EXERCISE MATERIAL:
▼▼▼

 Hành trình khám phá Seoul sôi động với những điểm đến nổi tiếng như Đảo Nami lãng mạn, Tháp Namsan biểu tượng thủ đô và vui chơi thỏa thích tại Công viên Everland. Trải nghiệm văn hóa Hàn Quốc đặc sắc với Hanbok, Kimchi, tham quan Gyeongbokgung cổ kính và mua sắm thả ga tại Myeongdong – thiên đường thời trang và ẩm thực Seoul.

▲▲▲
▼▼▼

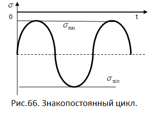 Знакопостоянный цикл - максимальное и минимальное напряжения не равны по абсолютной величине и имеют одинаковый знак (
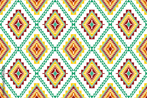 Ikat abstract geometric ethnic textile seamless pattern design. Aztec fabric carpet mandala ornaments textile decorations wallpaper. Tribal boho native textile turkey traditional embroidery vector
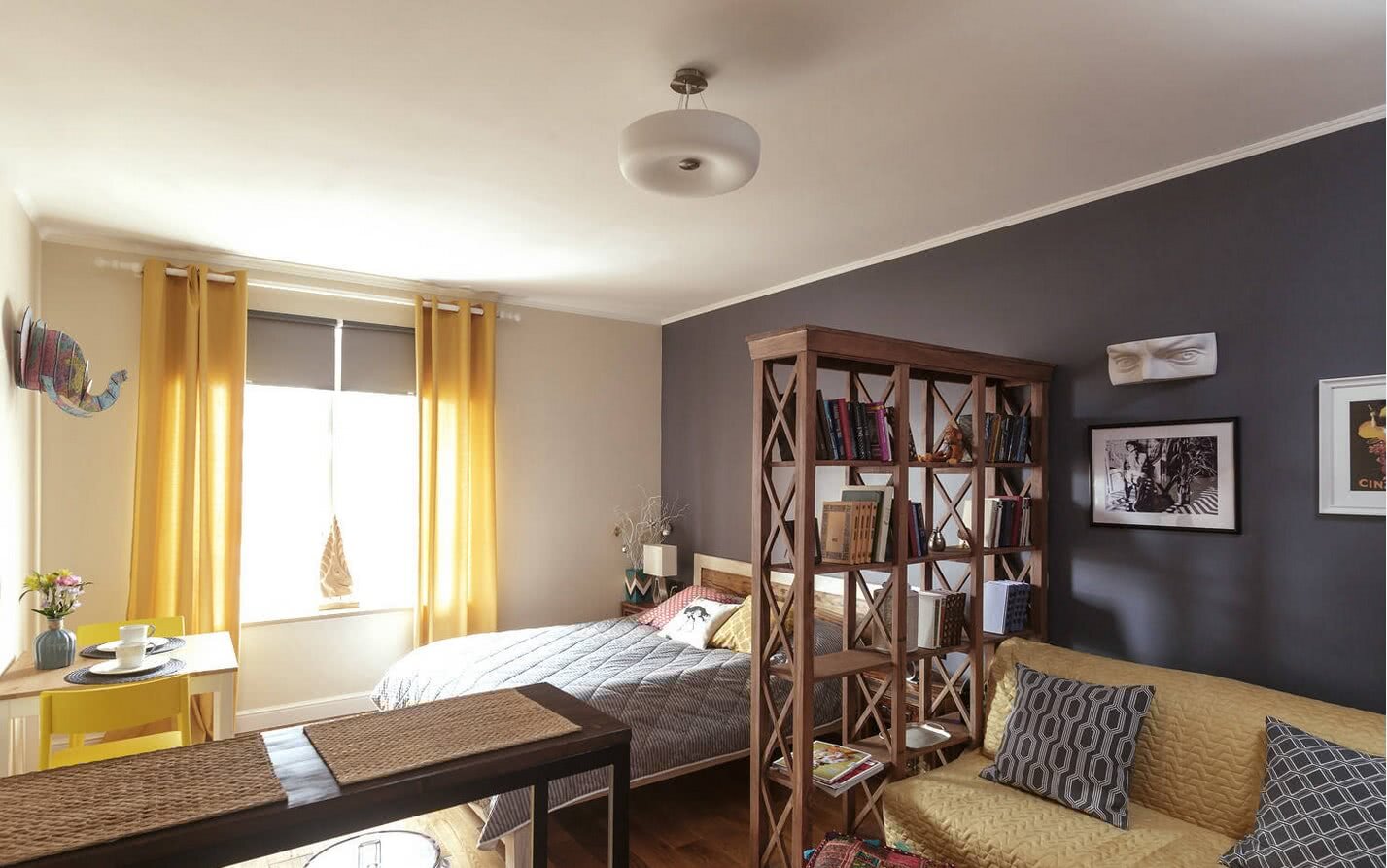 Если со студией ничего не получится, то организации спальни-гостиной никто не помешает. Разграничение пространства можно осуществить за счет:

▲▲▲
▼▼▼

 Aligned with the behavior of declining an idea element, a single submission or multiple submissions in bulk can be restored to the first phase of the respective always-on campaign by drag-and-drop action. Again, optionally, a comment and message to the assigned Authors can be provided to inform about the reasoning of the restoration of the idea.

▲▲▲

REQUIREMENT: Using the data above, copy exactly the lines from the one containing "Знакопостоянный цикл - максимальное" to the one containing "Если со студией", inclusive. Exclude the pictures.

REPLY:
 Знакопостоянный цикл - максимальное и минимальное напряжения не равны по абсолютной величине и имеют одинаковый знак (
 Ikat abstract geometric ethnic textile seamless pattern design. Aztec fabric carpet mandala ornaments textile decorations wallpaper. Tribal boho native textile turkey traditional embroidery vector
 Если со студией ничего не получится, то организации спальни-гостиной никто не помешает. Разграничение пространства можно осуществить за счет:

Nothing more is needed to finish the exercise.